A sample Ability for your resources can be like as follows,
class Ability
include CanCan::Ability
def initialize(user)
user ||= User.new # guest users
send(user.role.name)
if user.role.blank?
can :read, User #for guest without roles
end
end
def man
can :manage, Photo
end
def boy
can :read, Photo
end
def kid
can :read, Article
end
end
I captured the exception from within a before_filter action:
before_action :set_photo, only: [:edit, :update, :destroy]
def set_photo
#photo = current_user.photos.find(params[:id])
rescue ActiveRecord::RecordNotFound
redirect_to(root_url, :notice => 'Record not found')
end
Hope this helps someone. I'm using Rails 4 and Ruby 2.
So you are using gem devise.
This gem provides the current_user for the currently logged in user.
In your PhotosController#edit method.
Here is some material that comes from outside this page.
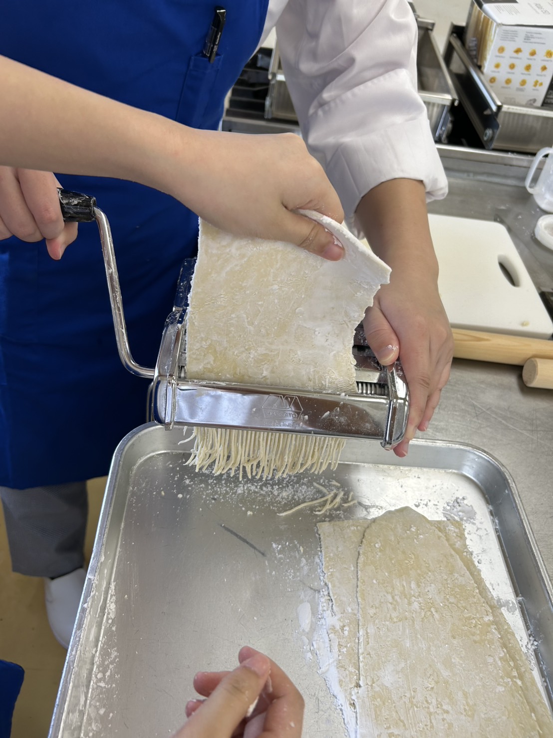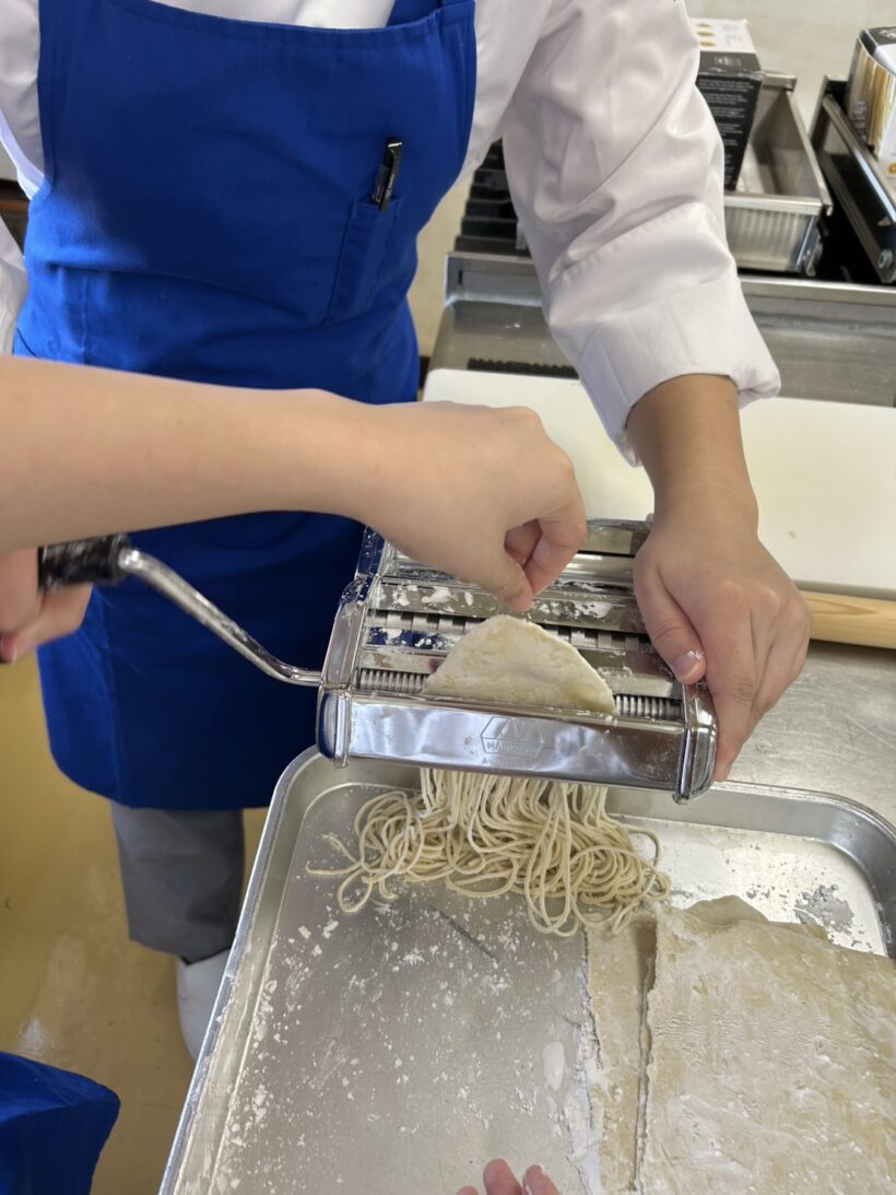 今回は、小麦粉にかん水を入れて練り生地にしてパスタマシーンで

I'd do something like below.
def edit
#photo = Photo.find(params[:id])
redirect_to root_path, notice: 'Thou Shalt Nought duuu dat :(' unless current_user.id == #photo.user_id
...
end
This method is cheaper because you already have 2 objects to compare instead of running a query in the comparison.
The simplest would be to to modify routes.rb.
Assign photos to live in the current_user path.
For example,
devise_for :users
resources 'users' do
resources 'photos'
end
cancan is difficult and complicate
i have coding is_onwer method
it's very simple, easy
https://gist.github.com/x1wins/0d3f0058270cef37b2d3f25a56a3745d
application controller
def is_owner user_id
unless user_id == current_user.id
render json: nil, status: :forbidden
return
end
end
def is_owner_object data
if data.nil? or data.user_id.nil?
return render status: :not_found
else
is_owner data.user_id
end
end
your controller
before_action only: [:edit, :update, :destroy] do
is_owner_object #article ##your object
end
If CanCan is too advanced, you should loon into checking the id of the accessor in the controller using...
if #user.id == #photo.user_id
# edit photo details
else
redirect_to root_path, notice: "You! Shall! Not! Edit!"
...or something like that
Write another before_filter in application_controller:
before_filter :has_permission?
has_permission?
controllers=["articles", "photos", "..."]
actions=["edit", "destroy", "..."]
id = params[:id] if (controllers.include?(params[:controller] && actions.include?(params[:action]) end
if id && (current_user.id==(params[:controller][0...1].capitalize!+params[:controller].singularize[1...-1] + ".find(#{id}).user_id").send)
return true
else
redirect_to root_url, :notice=>"no permission for this action"
end
helper_method :has_permission?
And you can use it in views, not to show users link they can't follow.
Some kind of this, of course you need to modify it to suit your needs.